In their latest study, the authors conclude that their analyses “suggest an unfavorable benefit to risk ratio for rosiglitazone use.” They further point out that even a modest increase in the risk of myocardial infarction in a diabetic population would have serious consequences. Given that here are now 12 classes of drugs approved to lower blood glucose levels, the researchers say that, “because no unique benefits of rosiglitazone use have been identified, administration of this agent solely to lower blood glucose levels is difficult to justify.”
In the JAMA paper, the Center for Drug Evaluation and Research’s David J. Graham, M.D., and colleagues pulled data from studies that together included 227,571 patients aged 65 years or older who were treated for type 2 diabetes using either rosiglitazone or pioglitazone.

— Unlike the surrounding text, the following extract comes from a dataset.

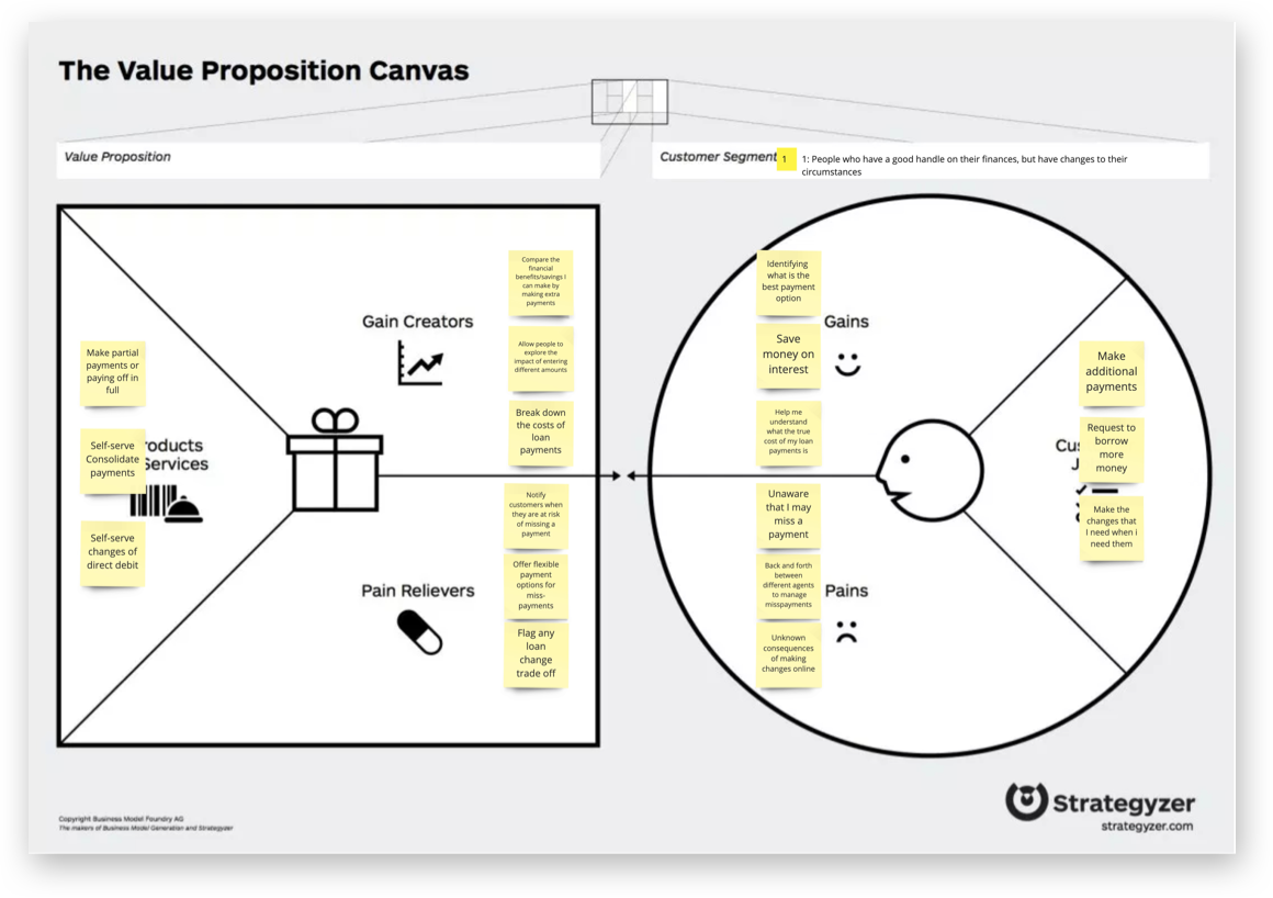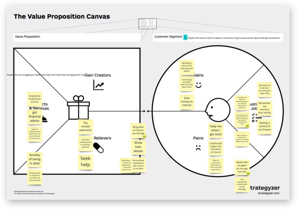 We then built out a value proposition canvas for some hypothetical profiles we built from our findings so far combined with existing customer segment data.

The researchers also point out that the cardiovascular risks of rosiglitazone and pioglitazone have been compared in several other observational studies.

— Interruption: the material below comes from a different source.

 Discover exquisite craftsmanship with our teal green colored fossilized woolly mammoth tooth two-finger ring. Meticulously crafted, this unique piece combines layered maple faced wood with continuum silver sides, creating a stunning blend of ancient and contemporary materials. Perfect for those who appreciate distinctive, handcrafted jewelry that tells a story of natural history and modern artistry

Seven trials highlighted an increased risk of acute myocardial infarction associated with rosiglitazone therapy, and in three of these studies the risk was found to be statistically significant. The risk of stroke associated with rosiglitazone was also found to be higher, although nonsignificantly, in two studies comparing rosiglitazone with pioglitazone. Heart failure risk was statistically significantly increased in three comparative trials and nonsignificantly raised in another comparative trial. Two studies suggested that in comparison with pioglitazone, rosiglitazone increases the risk of all-cause mortality by a statistically significantly amount.
The papers are published just a couple of weeks after it was widely reported that Germany’s Federal Joint Committee of doctors and health insurers, which recommends on drug reimbursement in the country, concluded that rosiglitazone and pioglitazone, which is also a thiazolidinedione drug, should not be reimbursed due to health concerns. The committee’s chairman, Rainer Hess is reported to have said, “There are other pharmaceuticals that have no such side effects and long-term risks. We believe that patients should be protected against useless and, more importantly, harmful therapies.”
GSK, meanwhile, has responded to both publications by claiming that results from the meta-analyses remain at odds with those from six controlled clinical trials. “Taken together, these trials show that rosilglitazone does not increase the overall risk of heart attack, stroke, or death,” the firm states.
Rosiglitazone was first approved in 1999 as a treatment for hyperglycemia. Concerns about the cardiovascular safety of the drug have been the subject of ongoing debate since the Nissen/Wolski paper in 2007. Although a risk evaluation review by EMEA did uphold the positive benefit-risk ratio of the drug in 2008, GSK was made to revise its European label for Avandia to state that available data indicates that rosiglitazone may be associated with an increased risk of myocardial infarction. The U.S.-marketed version of the drug has also undergone three label revisions pointing out potential cardiovascular risks associated with treatment. The firm has consistently refuted the suggestion that the drug may be associated with serious health issues.
Rosiglitazone and pioglitazone are the only thiazolidinediones currently approved in the U.S. for the treatment of type 2 diabetes. Takeda’s pioglitazone achieved global sales of ¥384.7 billion (about $4.3 billion) in fiscal year 2009. Worldwide sales of GSK’s Avandia have been dipping since the health scares were first raised in 2007. In calendar year 2009, sales of the drug declined another 16% to £771 million (roughly $1.16 billion). In the U.S., specifically, sales of Avandia dropped 22% during 2009.